NINA: Well, and I’m interested to see how the “learning computer” part plays out through the rest of the series, ‘cause Amuro makes note as he’s flipping through the computer, “Oh! It’s a learning computer.” Which, we ​ ​ really haven’t seen what that means yet. Does it mean that in certain ways it’s going to make up for Amuro’s deficiencies, or it’s going to adapt itself to Amuro, or it’s going to adapt based on the combats it’s in? It’s going to become better in certain ways because of the types of mobile suits it’s fighting and the types of missions it’s on? Thom can’t say anything because--

THOM: I decline to comment on the grounds that I already know the answer

NINA: --right, but I am very interested to see what that looks like.

THOM: And of course, this is really cutting-edge science. The idea that computers can learn things was, at this point, science but not, not by very much.

NINA: Barely out of the realm of science-fiction.

THOM: Yes, exactly, and so probably they did not yet know what it meant when they started hypothesizing what a learning computer in a battle robot was going to be able to do.

NINA: One of the things that I’ll go into in more depth later on is how many anime aimed at young people provide children with something that enables them to compete on a level with adults, and--

THOM: Now I’m thinking about Sailor Moon and all of the transformations, the kind of Shazaam-esque ​ ​ ​ ​ temporary growing up.

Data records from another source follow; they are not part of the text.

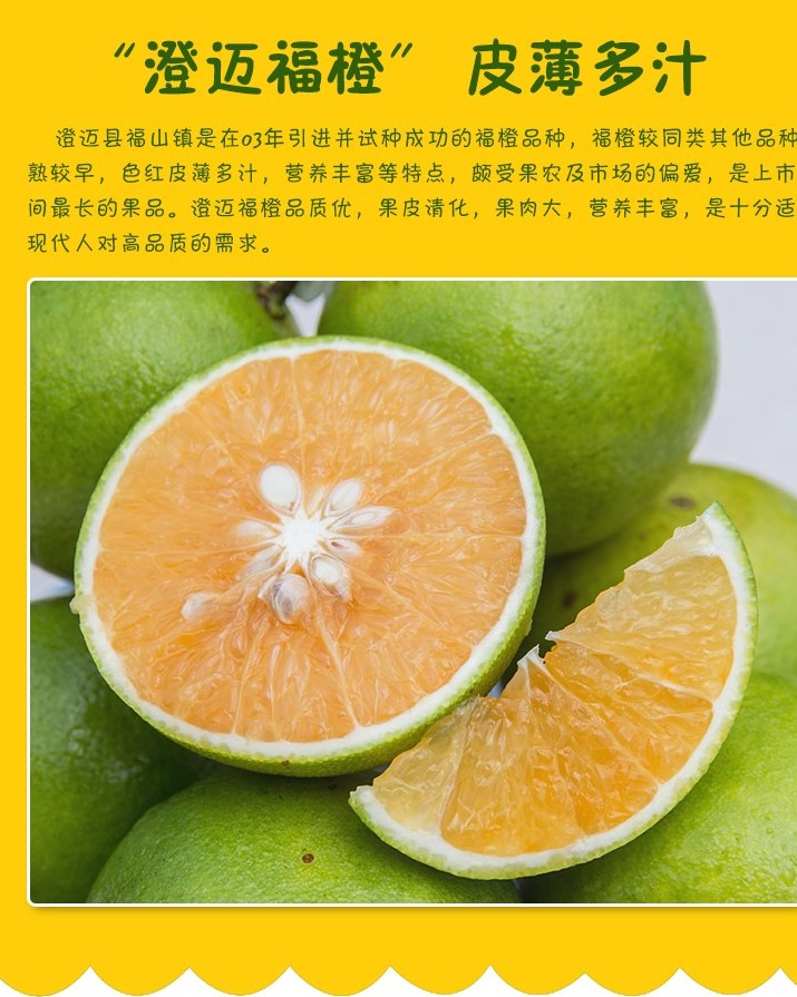 福橙,澄迈,2003年从广东引进并培育成功、具有比较有名常见地方特色,热带橙类作物。其明显特征,:果大、皮簿、汁多、硒含量高、味道和滋味甜酸、特别适口。澄迈,福橙又称为黄福橙,起源于中国,15世纪传入欧洲和美洲。澄迈,多年成长,灌木,它重要,优质,品质优,果皮清化,果肉大,营养丰富,,十分适合现代人对高品质,需求。“澄迈福橙”因特有的优良品质,先后被国家有关部门评为“中国十大名橙”“中国国宴特供果品”“全国最具特色产品”,澄迈县被授予“中国福橙之乡”。2016年和2018年先后荣获第十四届、第十六届中国国际农产品交易会参展农产品“金奖”。
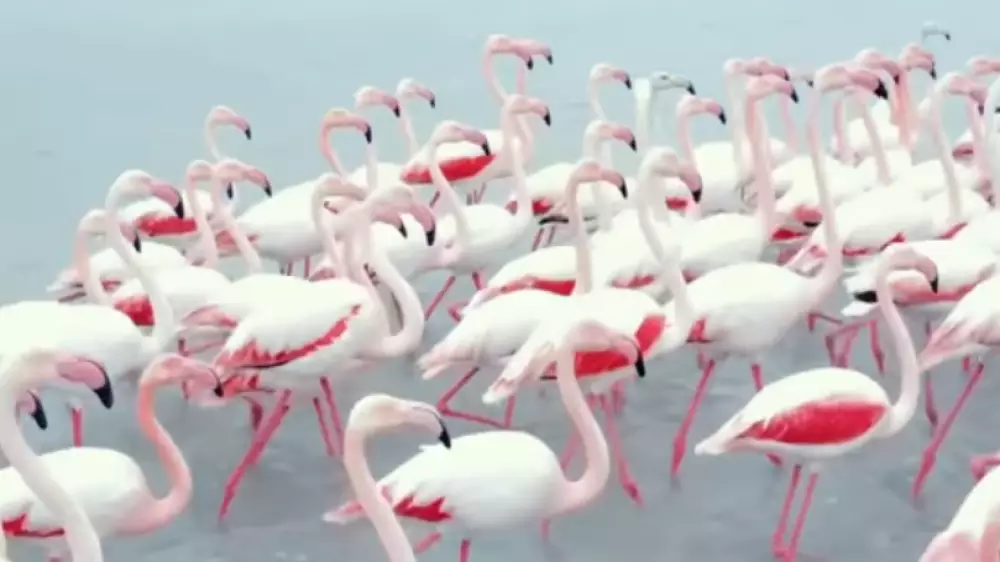 "Мекка орнитологии, как в Дубае". Фламинго вновь засняли на озере Караколь Кадр из видео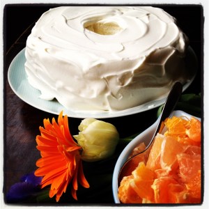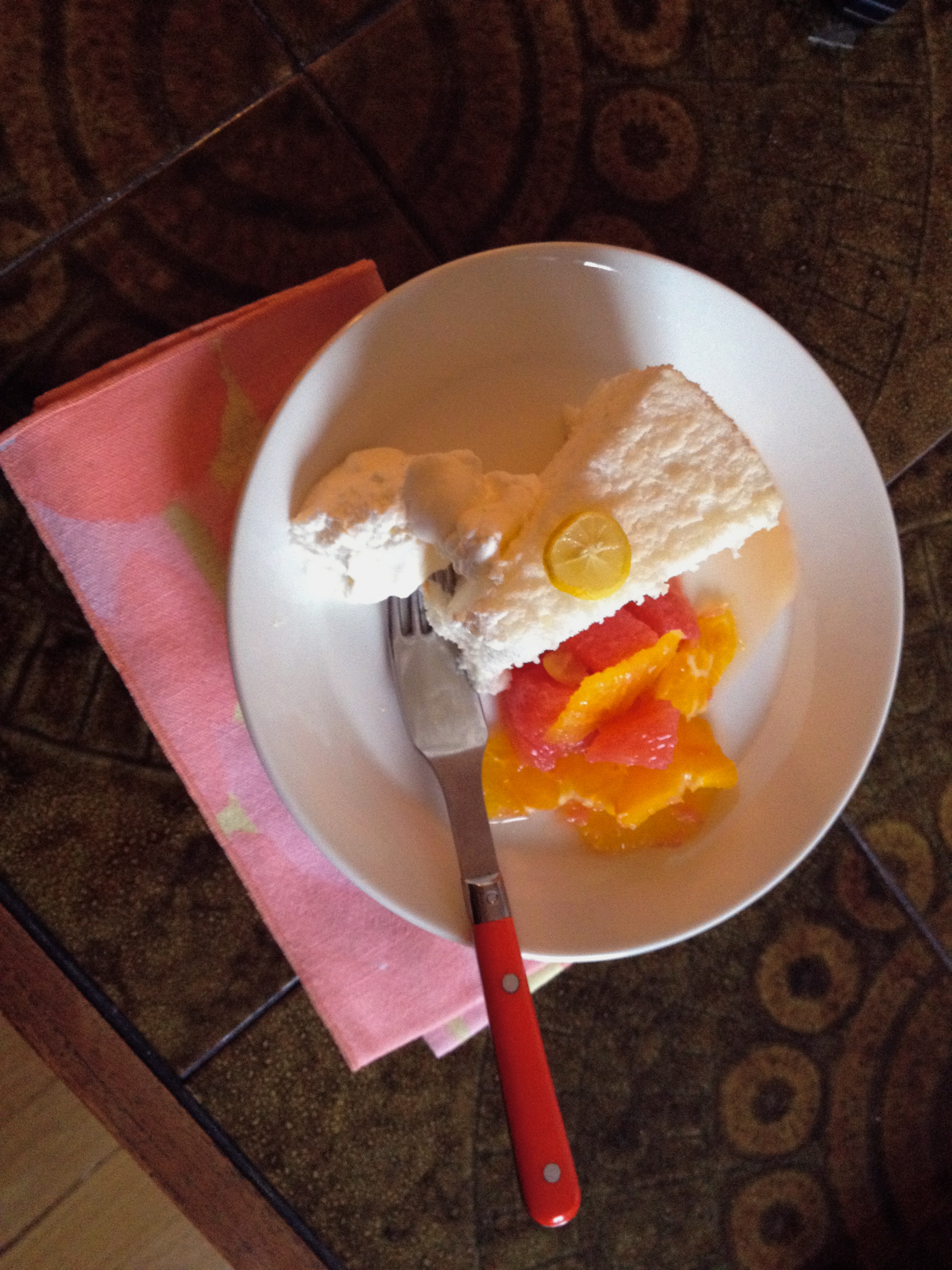 I admit that I was a bit nervous when I gently cut into the cake with a serrated knife. Would it be mushy in the middle? Overly dry? No. It was heavenly. I finally understood that Angel Food Cake is just a moist meringue given structure by the flour. The vanilla, lemon and almond came together in a celestial harmony that had me savouring every bite. The slightly sweetened whipped cream and the brightly flavoured citrus salad made each forkful an enjoyable combination of texture and tastes. The cake was a hit! Watching some of my favourite people on this planet enjoying my very first Angel Food Cake made my heart soar high above the clouds.

NINA: Well, or, or even things like Pokémon and Yu-Gi-Oh! where the age of the trainer is actually irrelevant, ​ ​ right?

THOM: Mm-hmm

NINA: Like, it’s all about your pokémon and so if you have good enough pokémon it doesn’t matter how old you are, or how old your opponent is--

THOM: Mm-hmm

NINA: --and the same thing in a Gundam. I mean, everybody talks about Char, and we get the impression that he is very young--

THOM: Yeah.

NINA: --but has been fighting for long enough that he, he talks like an old veteran.

[THOM laughing]

NINA: “The mistakes we made in our youth.” ‘Cause he’s not young anymore, I guess? I don’t know.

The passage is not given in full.